# $10,000 coffee machine!



## FDC (Jan 7, 2012)

Saw this article (scroll down the page) on the technology part of the BBC News website

http://www.bbc.co.uk/news/technology-19655627

Not the bonniest looking machine around!


----------



## Earlepap (Jan 8, 2012)

Wow. They called it the 'Cafe1'. Such imagination!


----------



## Glenn (Jun 14, 2008)

"It's the best cup you've ever had - guaranteed."

Quite a bold claim given that taste is a personal thing.

You'd need to try quite a few settings to find one that delivered that - much the same as a more reasonably priced machine.

I'd like to see this machine in action though, particularly the grinder


----------



## espressotechno (Apr 11, 2011)

OMG !:bad

"All the gear & no idea" springs to mind.

"The devil makes work for idle hands" as my granny would have said......


----------



## RobD (May 2, 2012)

its what happens when silicon valley software engineers design a coffee machine, they have heard all about one and know what it should do but as for the practical stuff!!

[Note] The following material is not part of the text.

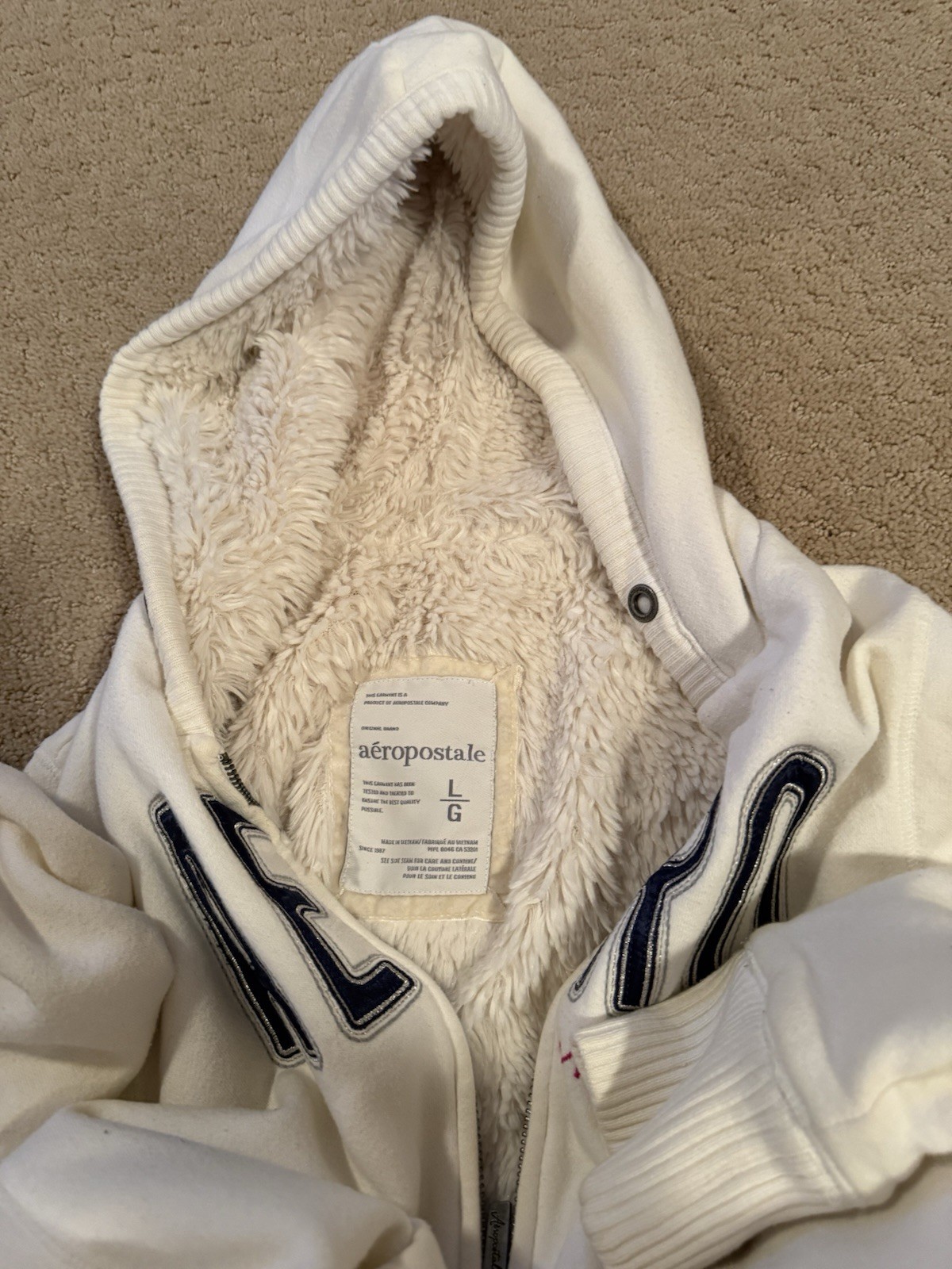 Y2K Aeropostale Hoodie Faux Fur Hoodie Zip up Sz L B35

i really liked the tragic wood front panel, it gave it a real kitsch look that made you think it was plastic pretending to be wood. some achievement


----------



## RoloD (Oct 13, 2010)

There is something very sad about this project. And the machine just looks like shit.

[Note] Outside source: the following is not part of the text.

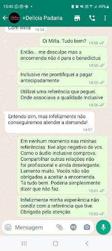 Eu comprei na mais delícia de 2014 até 2020 que foi qdo me mudei de Porto para Belo Horizonte. Em 2020 a empresa na qual eu comprava ficou apenas com a outra parte uma vez que eu não me encontrava mais na cidade e já não era a responsável por compras. Nenhuma compra a partir desse ano foi feita por mim Franciene. Mas a Mais delícia insiste até hj em vincular o nome da minha atual empresa com débitos da empresa passada que não estavam em minha responsabilidade. Nenhuma nota assinada por mim! Inclusive todas as vezes que indico os produtos da padaria para um morador ele me retorna dizendo que a padaria se recusa a fazer pq a empresa pq a empresa possui débitos! Eu já falei umas :x na padaria que eu não estava aí e não fiz compra alguma , para eles procurarem a sócia que ficou responsável e cobra-la. E pararem de vincular o nome da minha empresa daqui lá! Venho aqui a dizer: minha empresa atual em bhte leva o mesmo nome , porém não fiz nenhuma dívida com vcs! Comprei de 2014 até o último dia que vim embora da cidade sem deixar 1 real pendente. Todas as notas existentes aí não possuem minha assinatura! Eu levarei isso a vias judiciais se preciso for! Isso mancha a minha imagem na cidade aonde já tive o mesmo empreendimento e mancha...

Personally, I'm much more interested in the idea of using classic engineering principles to make a domestic lever machine.

Ten grand to make a cup of coffee. Get a fucking life.


----------



## Danm (Jan 26, 2012)

I don't get some of these comments.

The fact that they talk about beans, temperature impacting the coffee etc suggests they have some notion of what needs to be considered. The fact that they talk about hand crafted coffee also suggests they have an inclination of where the hurdles are set.

What is wrong with them setting out to achieve their goals.

Price wise not really that different from a top top end espresso machine.

Will it be viable, who knows. Will it taste good, who knows, but certainly can't fault them for trying.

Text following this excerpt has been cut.